I wandered in to a Lush store because I’d heard about their shampoo bars. A helpful shop assistant directed me to those, and I found they had conditioner bars too — hooray! No more trying to wash my hair with bicarb and apple cider vinegar! (They are the purple and beige bars in the image above and you can store them in tins.)

I then went on to try Lush’s deodorant bar — middle left in the image above. This is a bicarb-based bar that you rub up on your pits kind of like you’d use a bar of soap in the shower. It’s a bit abrasive for sensitive skin, so you can get abrasive on your fingers rather and then use them to put the deo on, but this is the only chemical-free deodorant I’ve found in many months of searching that truly keeps odours at bay with one application a day. It’s not an anti-perspirant, so you still sweat like your life depends on it, but you don’t smell like you just came out of a gym, which is so great!

The body scrub and face cream/make-up removers were an easy fix thanks to coconut oil. Plain coconut oil is my eye cream, face cream and make-up remover. You need a super tiny bit to not end up with an oily face, and it works really well. Body scrub-making is a fun experiment each time but tends to be a mix of sugar and coconut oil with some parts of bicarb and honey.

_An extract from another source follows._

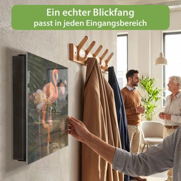Bringe Ordnung und Eleganz in deinen Eingangsbereich mit dem banjado Schlüsselkasten Motiv Motiv Flamingo. Die moderne Schlüsselbox kombiniert funktionales Design mit hochwertiger Verarbeitung und wird so zu einem echten Hingucker in Flur, Büro oder Ferienwohnung. ✅ Stilvolle Schlüsselaufbewahrung mit Glasfront im Motiv Motiv Flamingo Der Design-Schlüsselkasten Motiv Motiv Flamingo bietet Platz für bis zu 50 Schlüssel, die auf 5 stabilen Reihen mit je 10 Haken übersichtlich verstaut werden. Mit seinen kompakten Maßen von 30 x 30 x 5 cm passt die Schlüsselbox perfekt auch in kleinere Räume. Der schwarz lackierte Stahlkorpus mit rechts angeschlagenem Türscharnier harmoniert mit der Glasfront und fügt sich nahtlos in jedes Wohnambiente ein. Ob als Schlüsselorganizer für Zuhause oder als praktische Lösung für Büros, Praxen und Gewerbe, der banjado Schlüsselkasten sorgt für Ordnung und Übersicht. Dank der magnetischen, mit Kreidestiften beschreibbaren Glasfront kannst du Notizen anheften oder Termine direkt auf der Oberfläche festhalten. Die Schlüsselbox Motiv Motiv Flamingo zur Wandmontage wird inklusive Befestigungsmaterial geliefert und ist schnell angebracht. So hast du deine Schlüssel jederzeit griffbereit und zugleich stilvoll verstaut. Mit diesem banjado Schlüsselkasten Motiv Motiv Flamingo kombinierst du praktische Aufbewahrung mit stilvollem Wohndesign. Ob privat oder geschäftlich, die Schlüsselbox sorgt für mehr Ordnung, Übersicht und ein wohnliches Ambiente.Vorteile im Überblick

And then comes toothpaste.

I’d heard a lot in hippie circles about brushing teeth with bicarb, or bicarb-based toothpastes, but worried about its abrasiveness. Research so far has found that it’s seldom as abrasive as your regular store-bought whitening toothpaste. And there’s a new school of thought on the hippie blogs that focuses on remineralizing toothpaste.

Most store-bought toothpaste contains glycerin, which has actually been shown to weaken tooth enamel over the long-term. That’s because it layers the teeth with a film that prevents the minerals in your saliva from interacting with your tooth enamel.

By making a homemade toothpaste recipe, you can leave out the fluoride and glycerin and instead pack your homemade toothpaste with the minerals your tooth enamel needs. (Thanks Food Renegade)

And then, if you make it yourself, you can store it in a glass jar too.

But the toothpaste is the hardest part to change so far — it’s the weird grey stuff stored in the basil pesto jar in the image above. It’s grey because the recipe I used (in the Food Renegade link above) uses clay powder. Some recipes substitute this for bicarb, which I think will be a bit more abrasive, so in my next batch I’ll mix the two and see if it looks a tad more appetizing. But adding peppermint and spearmint oils means it tastes totally normal (the texture takes a bit of getting used to though), and passed the test of breathing on my partner and having him smile instead of cringe.

The toothbrush above is still an ongoing search. I use an electric one because it means less plastic to throw away when the brush head is over — potentially, for every one regular toothbrush that gets shipped here from China or wherever they’re made, you could fit three of these toothbrush heads. But I’d love to see more brands come out with non-electric brushes with replaceable heads. I know you can get bamboo toothbrushes fairly easily, but they don’t brush well for me, so I’m still looking on that.

And so sits the almost toxic-free toiletry bag. I still use store-bought sunscreen (I had a melanoma on my shoulder recently and I’m not willing to experiment in that area yet), and my hairbrush is plastic, but I’ve cut down on my plastic waste, cost, and feel a lot happier having so many of the same products in my bathroom that are in my kitchen cupboards too. You should try it some time.